“Winning is a habit. Watch your thoughts, they become your beliefs. Watch your beliefs, they become your words. Watch your words, they become your actions. Watch your actions, they become your habits. Watch your habits, they become your character.” Margaret Thatcher in The Iron Lady
i fell asleep briefly during the movie. it wasn’t that the movie was boring – i was, as evident in the number of times i’ve fallen asleep during a movie recently, incredibly worn out. i fell asleep for a little more than a while during “the descendants”, felt asleep for a little lesser than a while during “moneyball”. the lesson learnt? do not watch movies at 11.30pm after a long day at work. one year short of turning 30, i really should refrain from pushing myself unnecessarily. the older one gets, the more important rest becomes.

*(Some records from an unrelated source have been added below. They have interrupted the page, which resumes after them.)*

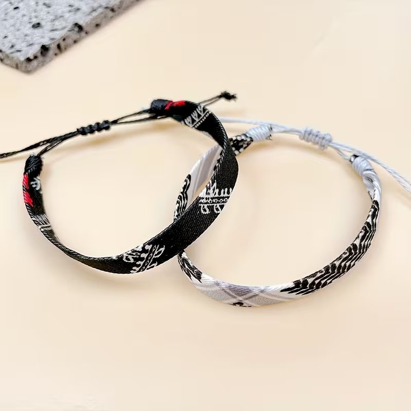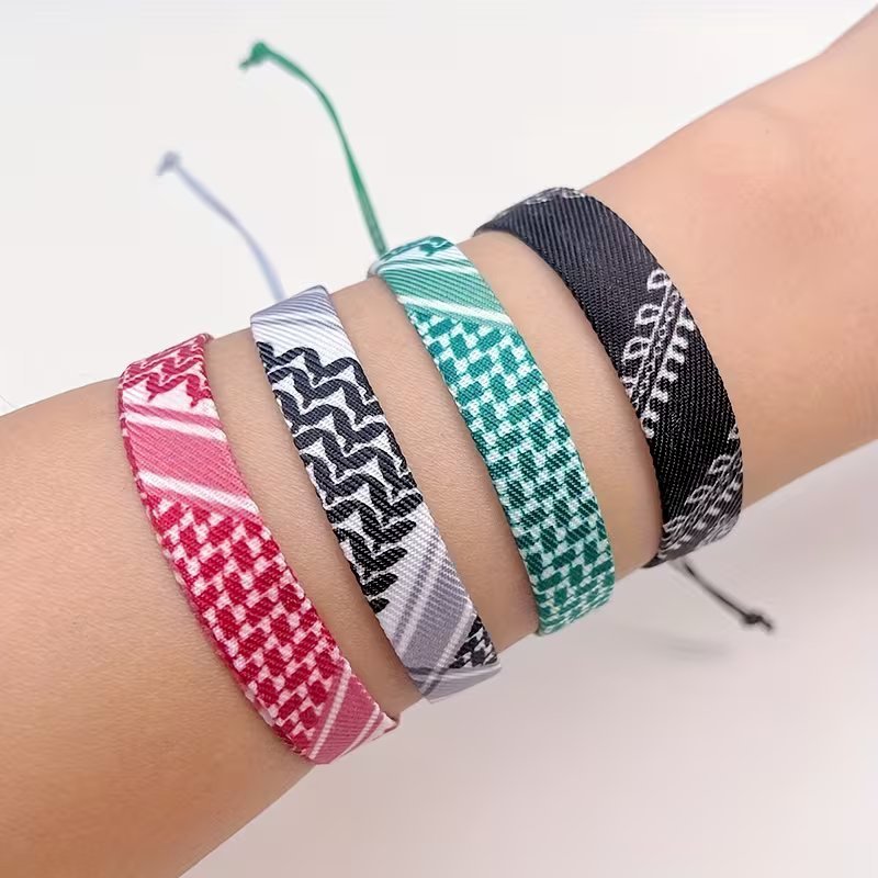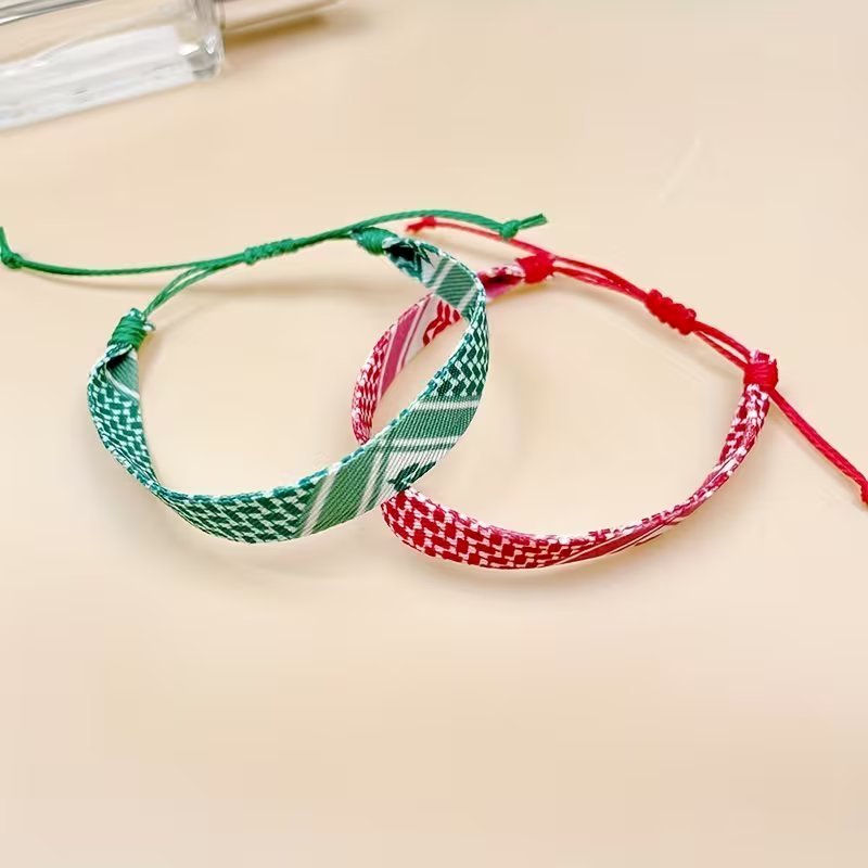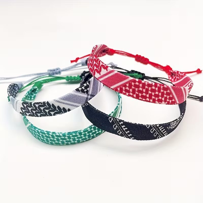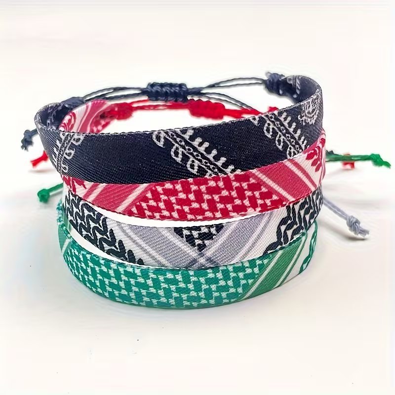 4pcs Braided Ribbon Bracelets – Scarf Style Colorful Geometric Wristbands
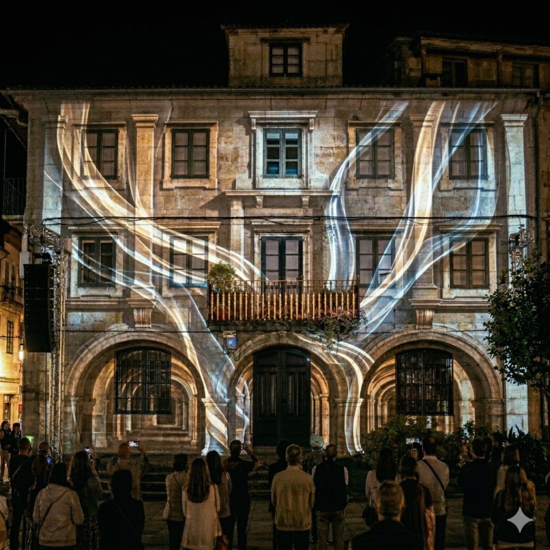 La iluminación arquitectónica transforma cómo se percibe un edificio o un espacio. Puede convertir una fachada en el centro de atención de una fiesta, una plaza en un escenario o un pazo en un entorno aún más especial.
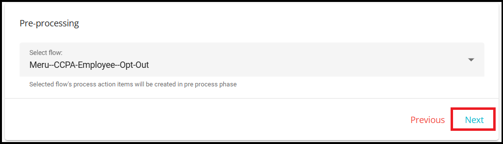 • Pre-processing is an optional stage in the DSAR flow configuration that allows you to perform additional actions before the main request is processed. It is useful when certain related tasks need to be completed in parallel to the primary request to ensure compliance or improve efficiency.
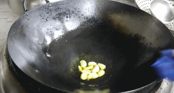 1.菜籽油(也可用其他油代替)油温烧至六成热,爆香姜蒜。
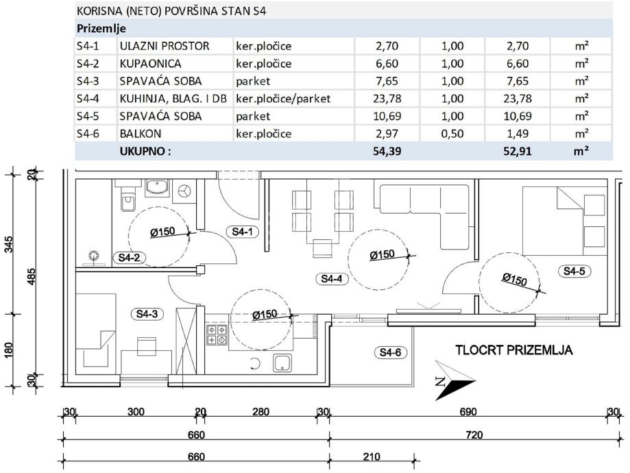 Stan oznake S04, trosoban, nalazi se u prizemlju, te se sastoji od: ulaznog prostora (2,70m2), kupaonice (6,60m2), dnevnog boravka sa kuhinjom i blagovaonicom (23,78m2), sobe (7,65m2), sobe (10,69m2) i balkona (2,97m2 - obračunski 1,49m2), te jednog vanjskog parkirnog mjesta od 12,50m2 (obračunski 3,13m2). Ukupna prodajna površina je 56,03 m2.
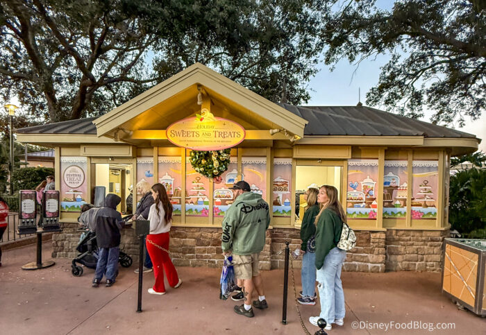 Yep, Holiday Sweets and Treats sure did! Holiday Sweets and Treats is one of the Holiday Kitchens (also known as Festival Food Booths) at the 2025 EPCOT Festival of the Holidays, and along with peppermint sundaes and shakes, they’ve decided to switch things up this year with a new Festive Flight made of Hot Cocoas! We hope you’ll join us at Holiday Sweets and Treats as we bring your our FULL review!
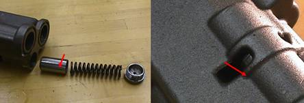 康明斯Cummins QSK23發(fā)動(dòng)機(jī)在每個(gè)機(jī)油濾清器內(nèi)都有一個(gè)旁通閥,設(shè)定開(kāi)啟壓力為 241 kp (35PSI).濾清器阻力過(guò)大時(shí),旁通閥前后壓差使其克服彈簧力開(kāi)啟。這使得機(jī)油旁通流過(guò)濾清器,向發(fā)動(dòng)機(jī)提供機(jī)油
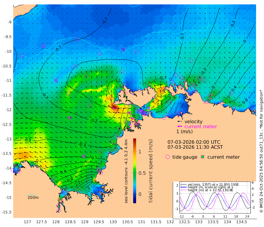 2cm/s 151T +4cm/s rms + 6cm/s 51T. Darwin_C1 52m 8cm/s 76T +4cm/s rms + 7cm/s -161T. Darwin_CW1 22m 19cm/s -111T +4cm/s rms + 8cm/s 61T. Darwin_CW2 34m 23cm/s 30T +3cm/s rms + 9cm/s 98T. Darwin_CW3 22m 5cm/s 127T +5cm/s rms + 7cm/s 88T. Darwin_C3 56m 6cm/s -131T +2cm/s rms + 9cm/s -126T. Darwin_CTbW 22m 7cm/s -22T +9cm/s rms + 2cm/s -110T. NWSLYN 196m 63cm/s -85T +1cm/s rms + 1cm/s -47T. DARBGF 30m 12cm/s -117T +7cm/s rms + 2cm/s -137T. ITFTIS 464m 15cm/s -56T +9cm/s rms + 1cm/s 74T. ITFMHB 146m 44cm/s -36T +4cm/s rms + 1cm/s -134T. ITFJBG 61m 47cm/s -56T +6cm/s rms + 4cm/s 121T. ITFFTB 108m 73cm/s -54T +4cm/s rms + 3cm/s 80T. NRSDAR 19m 57cm Carronade Island 64cm Guy Point 55cm Napier Broome Bay 57cm Lesueur Island 88cm Reveley Island 27cm Rocky Island 152cm Cape Domett 137cm Lacrosse Island 211cm Adolphus Island 276cm Pender Point 317cm Wyndham -60cm The Boxers -77cm Unnamed Shoal -62cm Loxton Shoal 137cm Pelican Island -74cm Calder Shoal -62cm Evans Shoal 294cm Quoin Island 56cm Port Keats 61cm Jones Point 341cm Catfish Island -11cm Cape Scott Offshore -88cm Cape Ford -26cm Anson Bay -79cm Goodrich Bank -25cm Peron Island North -51cm Point Jenny -57cm Native Point -41cm Fish Reef -42cm Tapa Bay -79cm Point Fawcett (Offshore) -28cm Burge Point -58cm Munkunuwa -68cm Beagle A -20cm Parsons Bank -35cm Fenton Patches -64cm Lynedoch Bank -1cm Hancox Shoal Area -17cm Nightcliff -6cm Darwin -31cm Charles Point Patches 57cm Glyde Point 144cm Chambers Bay 175cm Point Stuart 89cm Cape Hotham 129cm Christine Reef 202cm West Alligator Head 238cm East Field Island 113cm Two Hills Bay -64cm Newby Shoal 93cm Camp Point -43cm Medina Inlet South -95cm South Barlow Point -91cm St. Asaph Bay -85cm Cape Van Dieman -85cm Snake Bay -69cm Cache Point -47cm Echo Shoal -48cm Point Jahleel (Off) -3cm Cape Don -44cm Port Essington -47cm Smith Point - West -41cm NW Peacock Island -48cm North Of Jones Shoal -16cm Peacock Island -14cm Point David -44cm D'urville Point -35cm Money Shoal -7cm Copeland Island -4cm Cape Cockburn -14cm One Tree Point 9cm Hogmany Shoal -13cm New Year Island - West -8cm Grant Island 16cm Aurari Bay 45cm Cuthbert Point 15cm North Goulburn Island 65cm Paxie Shoal 85cm Entrance Island 136cm Yabooma Island
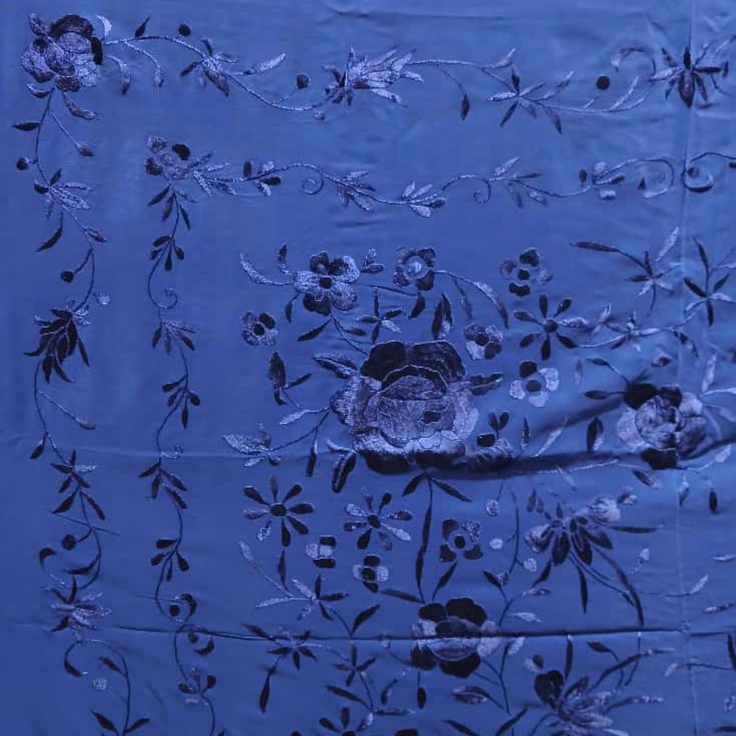 Manton de Seda Natural Bordado a Mano. Ref. 1010612AZLMRN
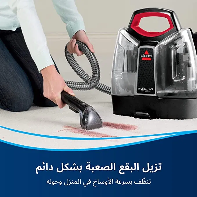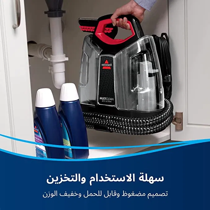 تزيل تركيبة بيسل ملتي كلين سبوت وبقع المزودة بالأكسجين بشكل دائم البقع الصعبة واللطخات، وتنظف بسرعة مجموعة متنوعة من الأوساخ في المنزل وحوله. ويتضمن منظف البقع بيسل ملتي كلين سبوت وبقع خزان مياه قابل للإزالة يسهل ملؤه وتفريغه. تسمح تقنية الخزانين بالقيام بعملية التنظيف باستخدام الماء النظيف بينما يتم تخزين الأوساخ في خزان مختلف يسهل فكه وتنظيفه. كما تساعد تقنية الموجات الحرارية في الحفاظ على درجة حرارة ثابتة للماء الدافئ أثناء التنظيف. ويعدّ أفضل نظام تنظيف لدينا لأصعب البقع والروائح - حتى أنه يزيل الروائح الكريهة. بمجرد الانتهاء من التنظيف، يسهل تفريغ خزان المياه المتسخ وتنظيفه بدون عناء. يحتوي منظف بيسل ملتي كلين سبوت وبقع على 4 أدوات متخصصة وينظّف بسرعة الأوساخ على السجاد والمفروشات والسلالم والفرش الداخلي للسيارة. يمكن استخدامه أيضًا على الأسطح الناعمة مثل الأرائك والمقاعد ومراتب السرير وغيرها. ويجعل تصميمه العصري المضغوط من السهل تخزينه في أماكن مناسبة مثل الخزانة أو حتى تحت الحوض، كما يمكن حمله ويعتبر خفيف الوزن. يحتوي على عصا بطول 2.2 متر للوصول إلى مناطق مختلفة من منزلك وسيارتك وتنظيفها بطريقة مثالية.
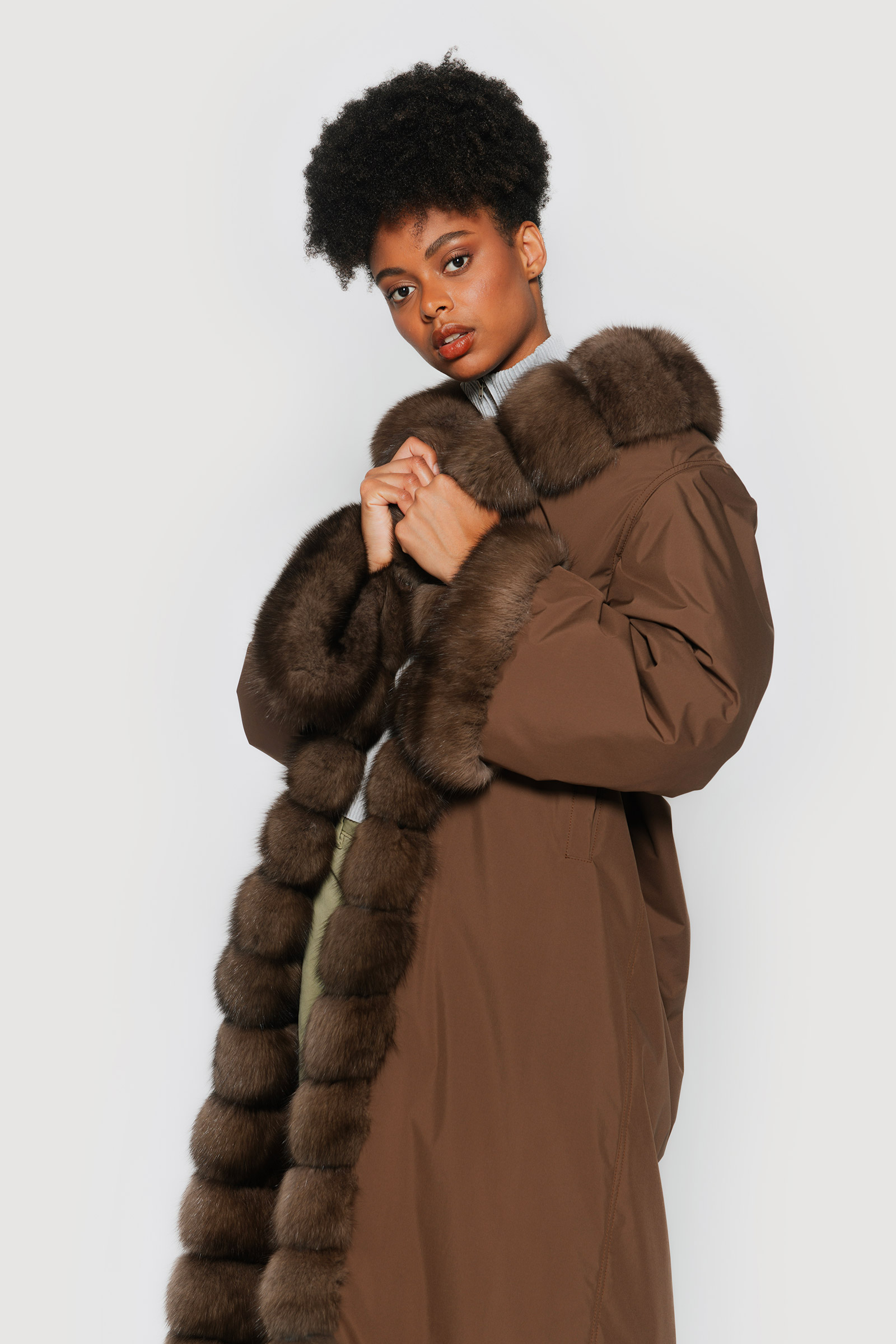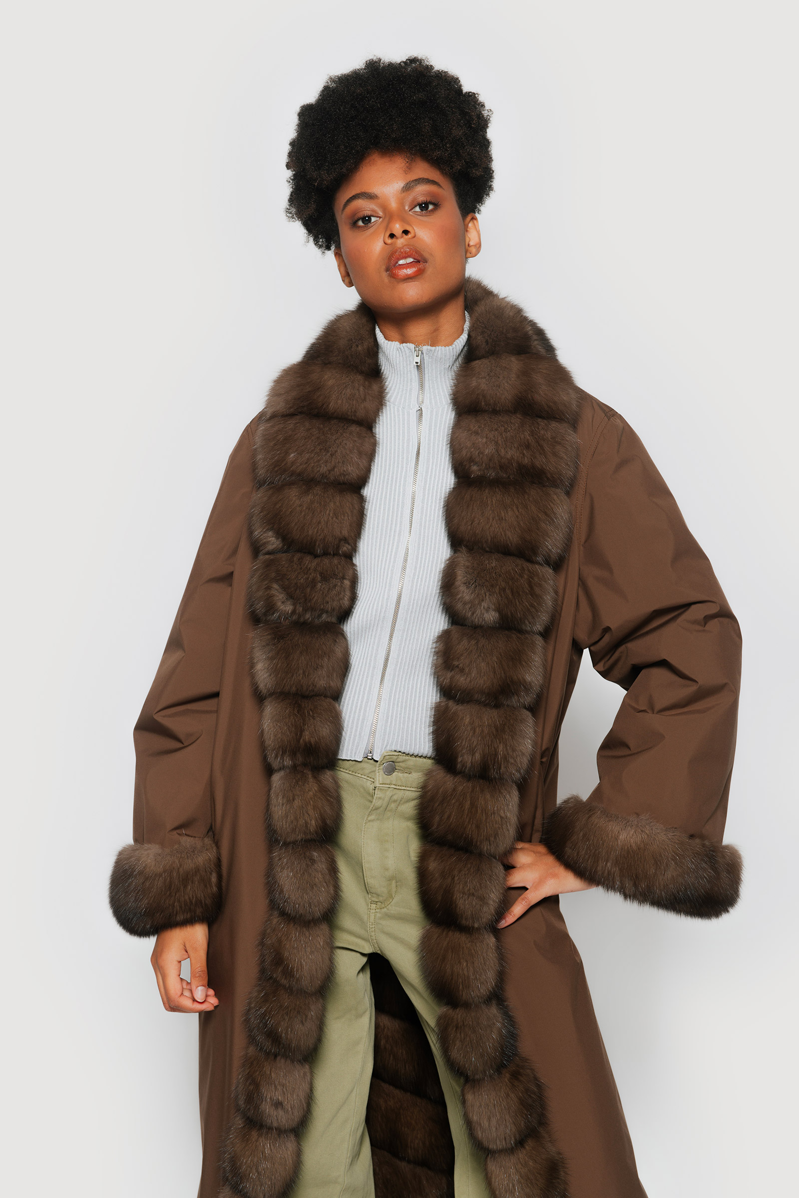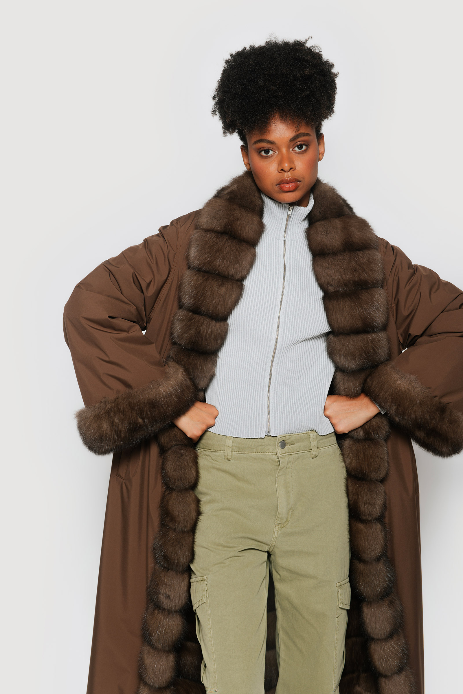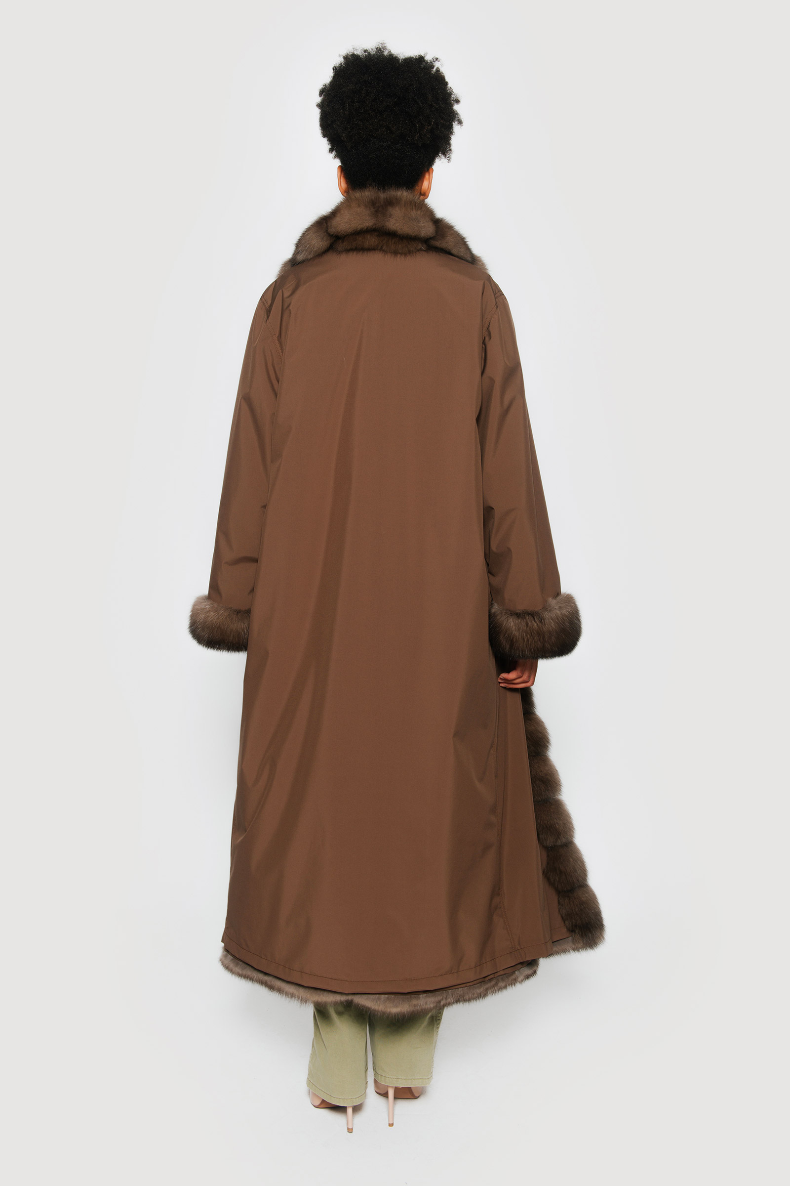 Elevate your winter wardrobe with the Long Reversible Jacket from Braschi. Crafted with luxurious graphite sable and high-tech rain system fabric, this versatile piece features a wide shawl collar. Its reversible design adds a contemporary twist, ensuring both style and practicality. Embrace Italian craftsmanship and make a statement with Braschi.

since the beginning of 2012, establishing routines and forming habits has been one of my bigger priorities for they are the foundations of achieving greater things in life. with age, it is easier to stick to a routine, easier to be more disciplined, easier to get moving and procrastinate less. perhaps, age brings more clarity on what you should focus on and being wiser means you’re even more receptive to new ideas and solutions to getting through to the next chapter in your life.
everything that i have and know now is accumulated from the lost and distracting years of my early twenties. i have made numerous mistakes, turned my back on good advises, be fickle and uncommitted towards most aspects of my personal life. from time to time, i made efforts to better my personal aspirations but i usually am not motivated enough to carry it through. work was by far the easier aspect of my life because i gladly allowed it to consumed most of me – i couldn’t think of anything easier to focus on. for some odd reason, i never could apply the same motivation for work to my personal life until late last year.
i attribute the change to a few reasons:-
1. i broke free from an emotionally draining bad habit. walking away gave me strength to start focusing on my life.
2. the presence of charlene. both of us have a long list of goals to achieve but the difference between us? she worked on achieving it and i talked about it.
3. the presence of ms prissy. she is 12 years older than me and often uses her current situation as a real life example for me to not learn from.
between now and the last time i blogged about my resolutions, i have:-
> finished reading 3 books and have started on the 4th. my readings happened during the journey to and from work but i realised i didn’t enjoying carrying a book around. the 4 feb edition of “the economist” caught my eye when i was at the bookstore – i bought it because i wanted to read about the coverage on the facebook. surprise #1 – i actually read the business magazine from the beginning to the end. surprise #2 – i thoroughly enjoyed it. i never knew world affairs could be funny. since the local newspaper turns me off and i generally find it hard to read any news online because i never know where to start, i have started the habit of reading “the economist” during my 3 hours journey to and from work – it’s light, it’s foldable and unlike the traditional newspaper, it doesn’t dirty my fingers or bore me to tears. the short time before sleep are spent with my books and the frivolous times in between are on fashion magazines and old copies of nat geo. i think this covers resolution #3 very well.
> painted my toe nails every other week. 2012 is the year to say no to pedicure packages. every single other beauty products are put to use too – some have been included as a routine while some have not. habits are an on-going effort. my wardrobe has been re-constructed, not entirely but enough to keep it fresh for a while. colours, dresses and heels are now a part of me. i would consider resolution #5 a success.
> woke up before 8am on sunday mornings to work on my personal life. for the first time in my entire life, i actually have a budget for the year. looking at it renewed my focus for the 2012 because my resolutions (to be very accurate, they were probably like plans than resolutions), however wonderful it was, required me to have a lot of time and a lot of money, both of which i do not have too much to spare. nothing concrete in the new plans but it’s definitely shaping up to something more focused and more alone the lines of the resolution #1 of taking care of my health. that has got to be the foundation of life, aint’ it? i’ve kept to the habit of eating vitamins every morning and drinking at least 1.5 litres of water everyday (it’s harder during the weekends) and i’m sure there’s more good habits to adopt like sleeping before 11.30pm instead of blogging here at 12.20am.
am heading to bed now. here’s wishing a good week for everyone.
i feel contented today. i guess progress is a really satisfying feeling.